The company said it had chartered its 156,000-cbm tri-fuel diesel-electric WilForce (built 2013) to “a major utility” without naming the party involved.

LNG industry sources named Japan’s Osaka Gas Co as the vessel’s charterer.

Awilco said the contract is estimated to contribute an Ebitda of about $73m over the charter period, indicating a rate of around $150,000 per day on the vessel.

The company said the deal will be in direct continuation of WilForce's current charter.

In August, TradeWinds reported that WilForce had been fixed to energy major BP for six months at a rate close to $110,000 per day.

Awilco chief executive Jon Skule Storheill said: “With this contract, we have been able to take advantage of the strong market and have now covered all trading days in 2023 and approximately 80% of 2024 at an average rate of approximately $120,000 per day.

“This ensures high cash generation and profitability for the next two years, also considering both vessels are scheduled for special survey, and dry docking [in the] second half [of] 2023,” Storheill said.

Awilco’s other vessel — the sistership WilPride — is due to start a three-year charter with a European importer in December.

This deal includes an option to extend the hire by two additional years.

Awilco said the fixed-rate contracts on its two vessels will increase its cash flow generation.

The company said its board of directors has approved a revised dividend policy and will distribute “a substantial part of annual free cash flow” on a quarterly basis, subject to “required working capital and a robust cash buffer”.
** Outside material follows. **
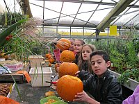 Die Kinder der Klasse 4a haben die Gärtnerei Tebbe besucht und dort aus Kürbissen gruselige Köpfe geschnitzt. Sie verzierten sie mit Naturmaterialien wie Blättern, Kürbiskernen, Blumenzwiebeln, Gräsern und Clematisranken. Zum Abschluss gab es leckere Kürbiswaffeln und Kürbissuppe.
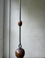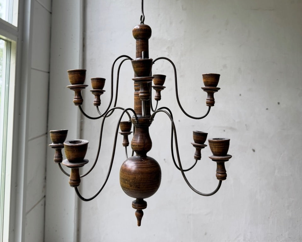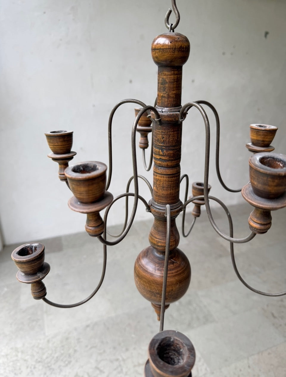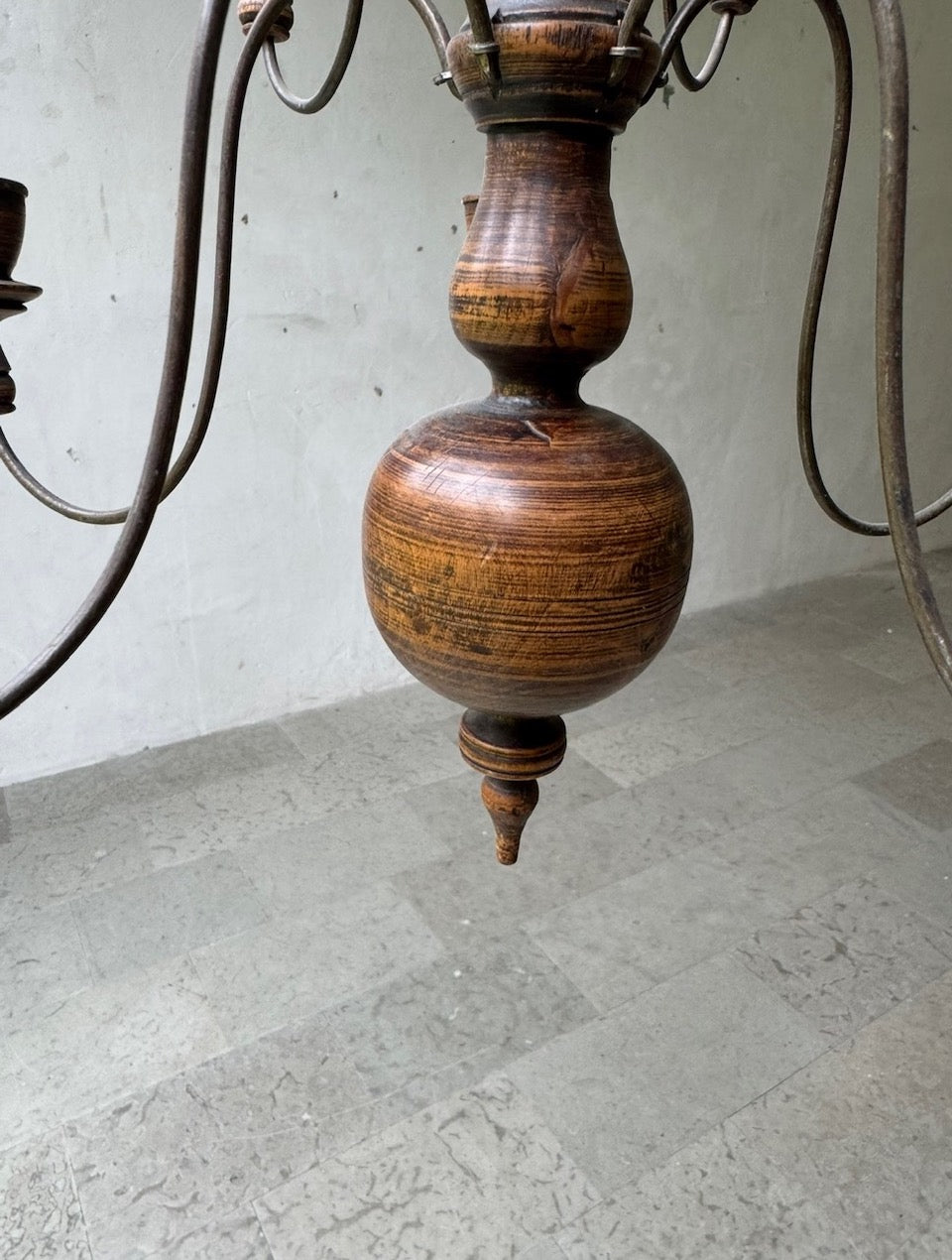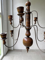 A mid 19th century folk art chandelier in iron and wood for 10 candles.

An initial payment is expected to be made in the first quarter of 2023 when both vessels have started their contracts.

News of Awilco's latest contract comes as spot charter rates for LNG carriers tumble in the face of full storage in Europe and slack demand from Asia. One broker said rates for modern two-stroke ships have crashed by $100,000 per day in a week.

Spark Commodities saw sharp declines in its TFDE rate assessments this week with both basins down more than 20%, chief executive Tim Mendelssohn said, as longer-than-expected delays to the Freeport LNG plant and continued reduction in floating storage have freed up vessels for the spot market.

The Spark30S Atlantic fell $99,500 per day to $375,750 per day, while the Spark25S Pacific crashed back $97,000 per day to $356,250 per day over the week.

But in contrast, brokers said period business remains healthy, although there is little being concluded at present.